Today : Mar 16, 2025
Economy
22 February 2025

Vietnam Faces Rising Interest Rates Amid Economic Shift

Government aims to support homebuyers as loan rates increase, impacting affordability.

Vietnam is grappling with rising interest rates, impacting both the economic climate and options for potential homebuyers. The latest figures show interest rates for savings and loans have significantly increased, with banks like Sacombank currently offering various rates for different terms.

Specifically, during February 2025, Sacombank's interest rates for personal savings at their branches range from 0.5% to 5.2% per annum. For shorter terms, less than one month, the interest rate is as low as 0.5%, whereas for longer terms, such as 36 months, it rises to 5.2%. Online savings options are also available, offering slightly higher interest—up to 5.7% per annum for 24-36 months.

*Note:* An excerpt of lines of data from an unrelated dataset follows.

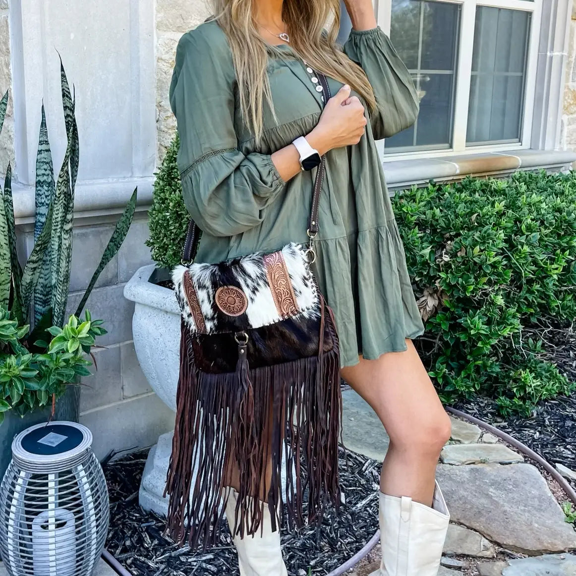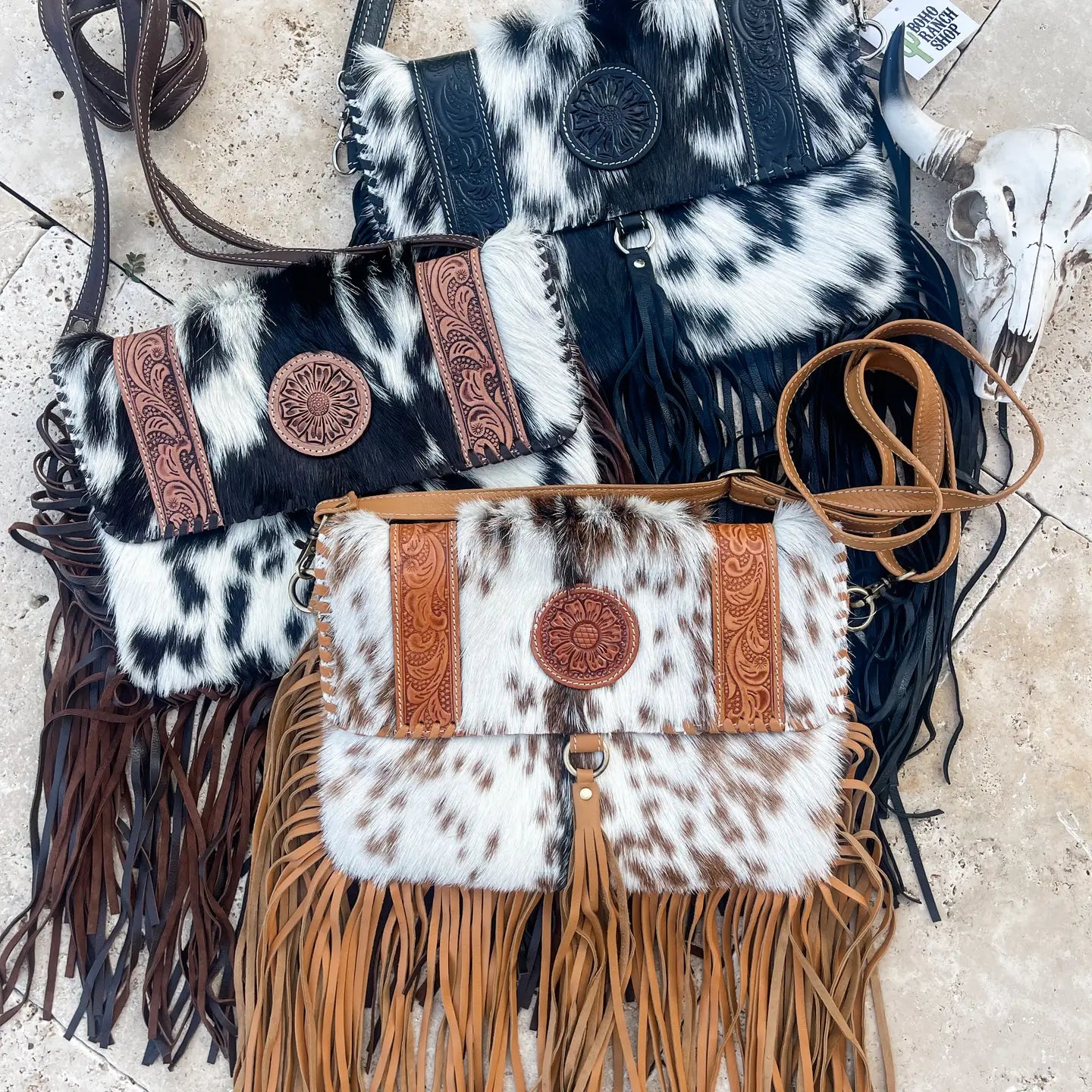 Choose your leather color and we will send you one from that group. Every purse is one of a kind. Please note that this is real cowhide and leather and there can be small defects.
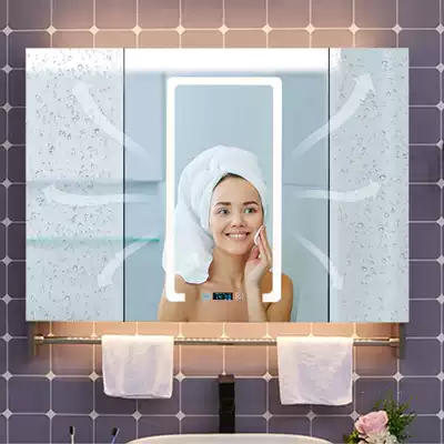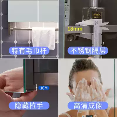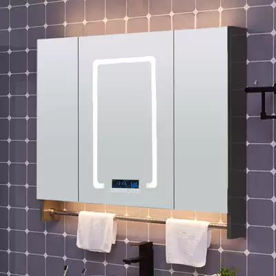 Smart stainless steel mirror cabinet Powder room vanity mirror cabinet Toilet Wall-mounted storage Mirror cabinet with towel bar
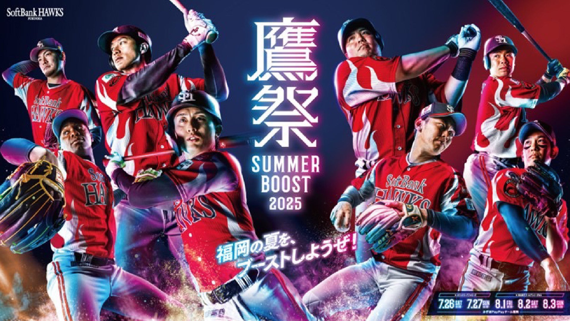 天神まちづくり共同事業体(主催:天神夏まつり2025実⾏委員会(詳細は下記)、事務局:株式会社サエキジャパン/本社・福岡市中央区清川、代表取締役社長・佐伯岳大)は、7月17日(木)~8月17日(日)に福岡市役所西側ふれあい広場で開催される「鷹祭 SUMMER BOOST meets 天神夏まつり 2025」を福岡ソフトバンクホークス株式会社(本社:福岡県福岡市 代表取締役社長CEO:後藤芳光)と今年もタッグを組み一緒に福岡の夏を盛り上げていくこととなりましたので、お知らせします。
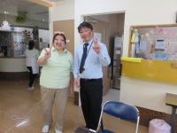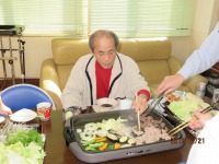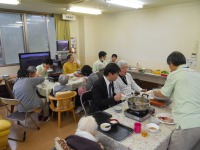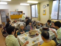 段々と慣れていただいたようで、ホットプレートから直にご自分の食べたい物を取られる方、「ビールも飲めや」と職員にビール(ノンアルコールですが)をすすめ、お酌をしてくださる方、それぞれに楽しまれていました(^▽^)b
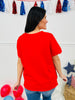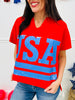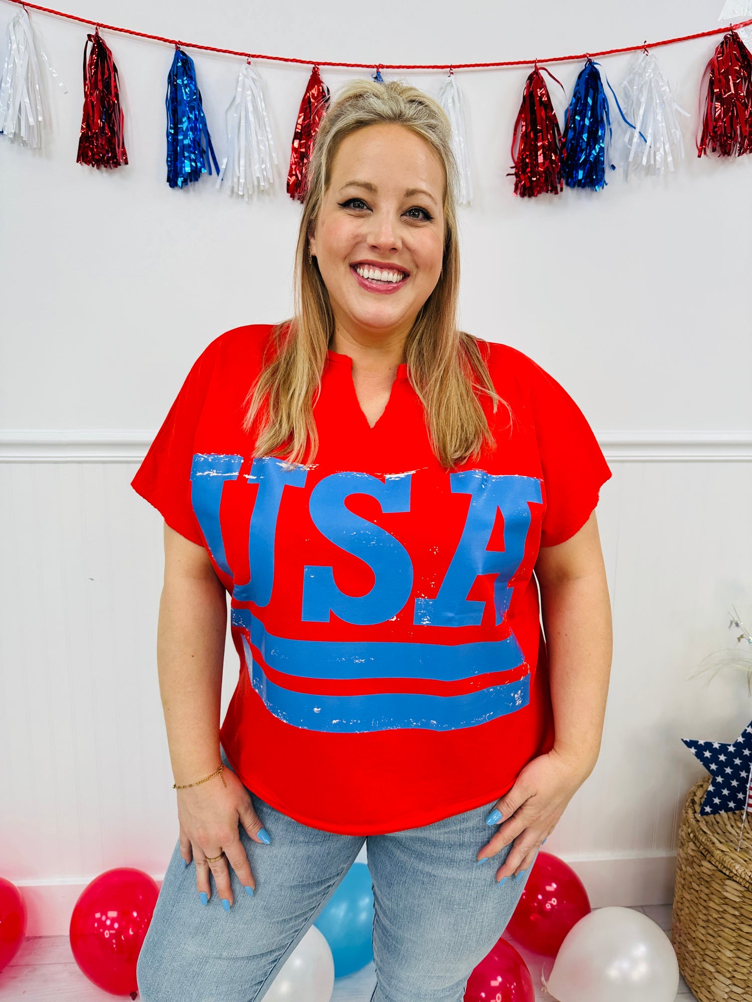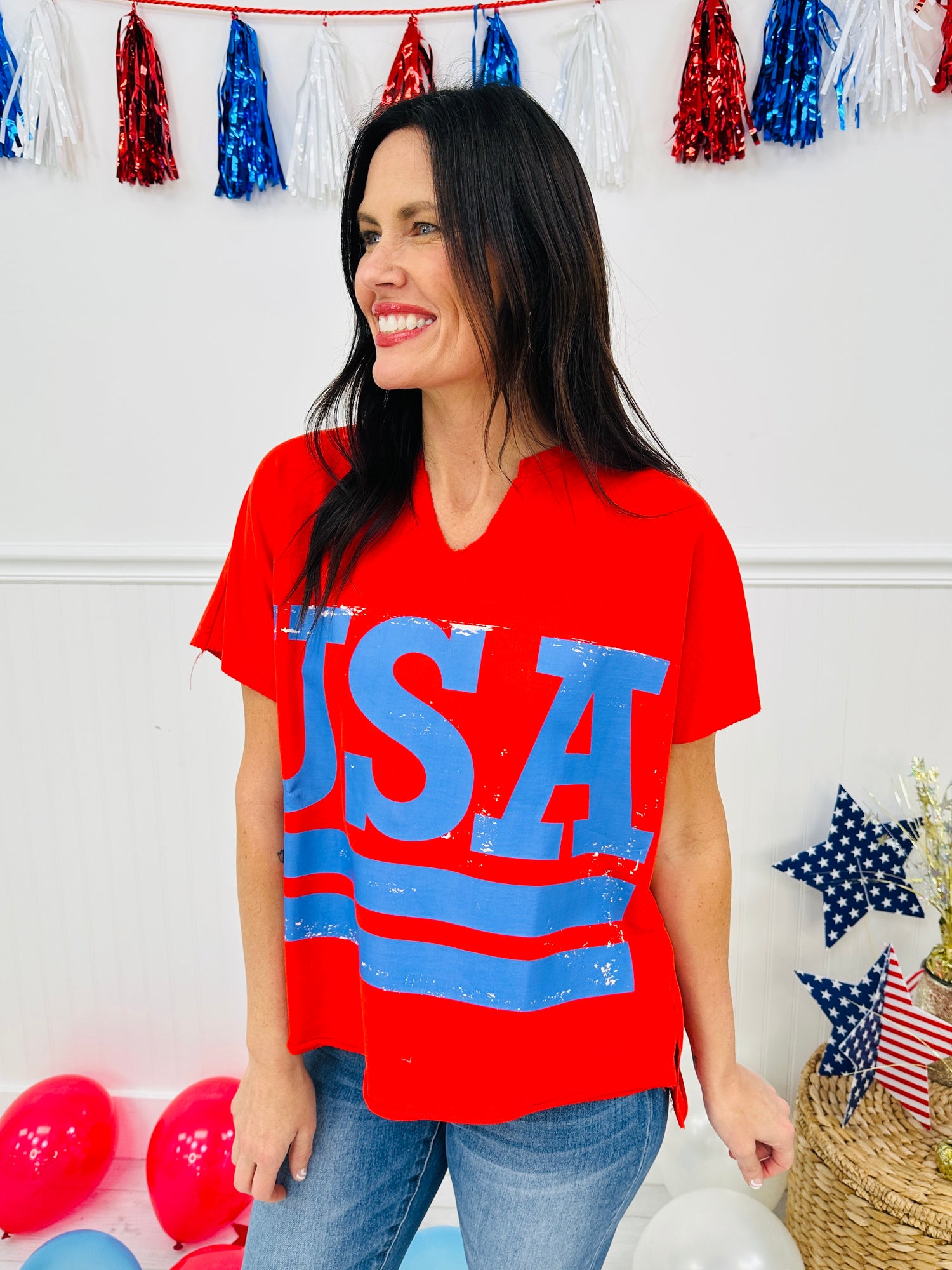 This patriotic tee brings all the bold, vintage vibes with its standout USA lettering and retro stripe accents. The distressed detailing gives it that perfectly lived-in look, while the raw, notched v- neckline adds just the right amount of edge. It's the perfect pick for parades, fireworks, or any star-spangled celebration!
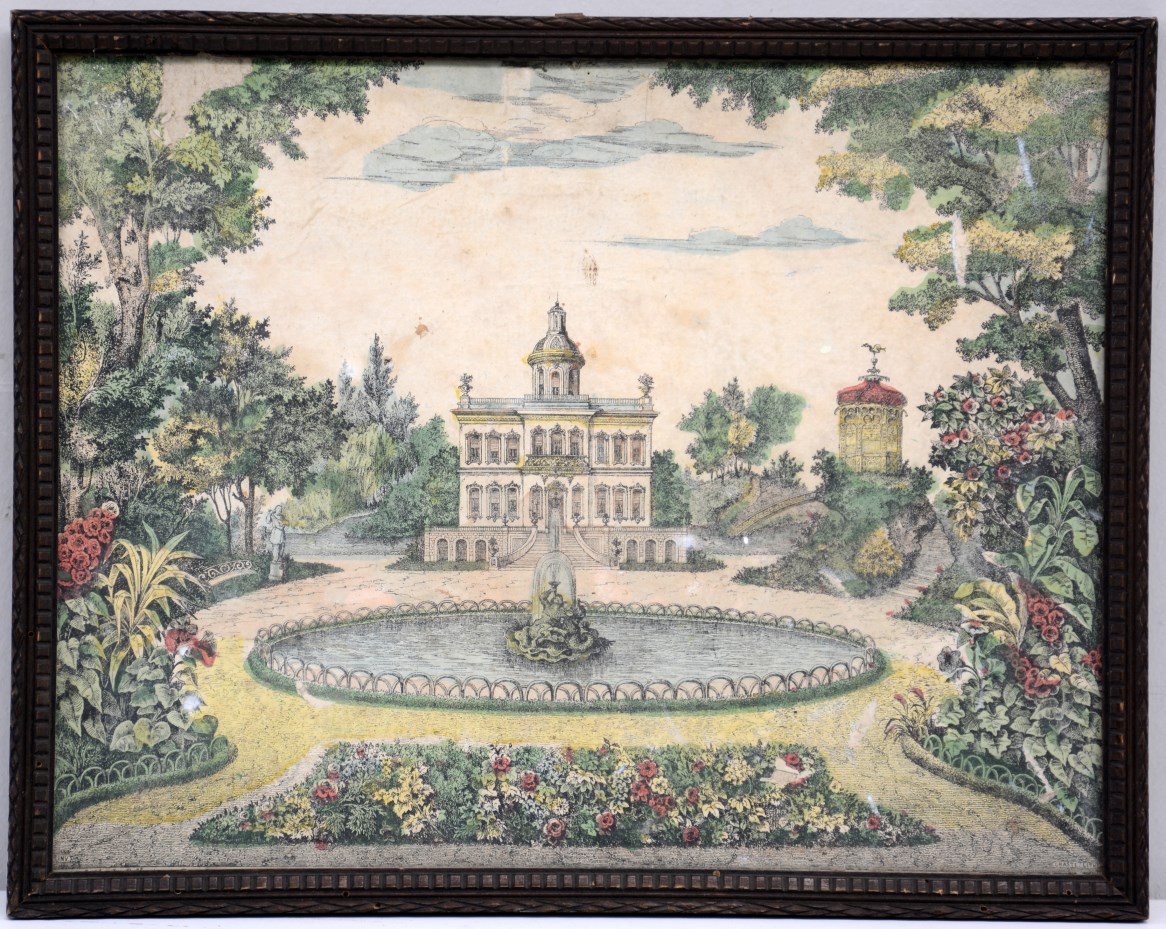Antica stampa a colori raffigurante scorcio di villa con fontana. In cornice (difetti)
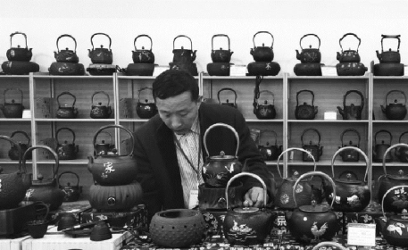 从炼铁炉生产出的粗制铁称为生铁,日本江户时期的铁壶就是以生铁为原料,加之传统的铸造工艺,通过后期打磨成型为茶壶(图2.6)。科学发现铁是人身体中造血的元素,人体无法直接吸收金属中的铁元素,二价铁离子是人体能够吸收的。食物中的铁是以三价铁离子的形式存在,经过胃酸与三价铁离子反应后,生成能够被人体吸收的二价铁离子。实验表明,铁壶煮水时能够释放有利于人体吸收的二价铁离子,饮用铁壶煮的水能够有效补充铁元素,这是铁壶煮茶对健康有好处的原因。

Notably, the average loan interest rates have followed suit. Recently published data indicates the average lending rate for new disbursed loans at Sacombank reached 7.26% per annum, reflecting a minor increase compared to the previous month. This 3.02% spread between savings and loan rates mirrors the challenges banks face with the cost of input as profit margins shrink due to rising operational expenses.

Concurrently, the government is actively encouraging financial institutions to provide favorable lending packages, especially targeted at young homebuyers aged 35 and under. The Prime Minister has called for the State Bank of Vietnam and commercial banks to offer credit packages to stimulate the housing market amid growing economic pressures.

According to HoREA (Ho Chi Minh City Real Estate Association), there is significant demand for affordable housing loans for first-time buyers. They have proposed the implementation of reasonable commercial borrowing rates—between 6% and 7% per annum—over 10 to 15 years, with the collateral secured by the property itself. This initiative aims to lower barriers for younger citizens seeking their first homes.

For social housing projects, the State Bank has set the preferential loan interest rate at 4.7% per annum for this year only, involving 17 participating commercial banks, including major players like BIDV, Vietcombank, and VietinBank, all committed to adjusting their interest rates to attract credit seekers.

For example, Agribank has been proactive, offering long-term loans for property purchases at fixed rates of 6% for the first year, rising slightly afterwards. Depending on the financial institution, loan rates can be set as low as 5% for the first six months, which is competitive but may not last as pressures to raise rates linger.

A broader view reveals some banks are already beginning to increase their loan rates, with BVBank announcing rates of 7.5% per annum initially, climbing higher depending on duration. While some institutions offer initial low rates, these tend to rise after the first year, pushing borrowers to reconsider their long-term financial strategies.

Despite the apparent demand for housing loans, banks stand at the crossroads, needing to balance affordability with the current economic realities, such as rising costs and declining profits. Financial analysts expect the trend of increasing rates may continue, which directly impacts the affordability of loans for prospective buyers.

Looking to 2025, experts project loan interest rates may stabilize due to lower inflation and steady deposits. A key insight from analysts at SSI indicates there is little expectation for significant reductions in policy rates, meaning the cost of borrowing might remain elevated. The focus will now shift to how effectively banks can manage liquidity pressures and maintain attractive lending options for consumers.

Consequently, both businesses and individual borrowers will need to navigate this new terrain with consideration as they formulate their financial plans. The advocacy for advancing access to credit remains strong, but so too does the caution required to manage the increasing costs associated with loans.

Hence, as Vietnam's economy maneuvers through these shifting interest rates, the interplay between commercial banking policies and government regulations will be pivotal for the future stability of the property market and economic growth.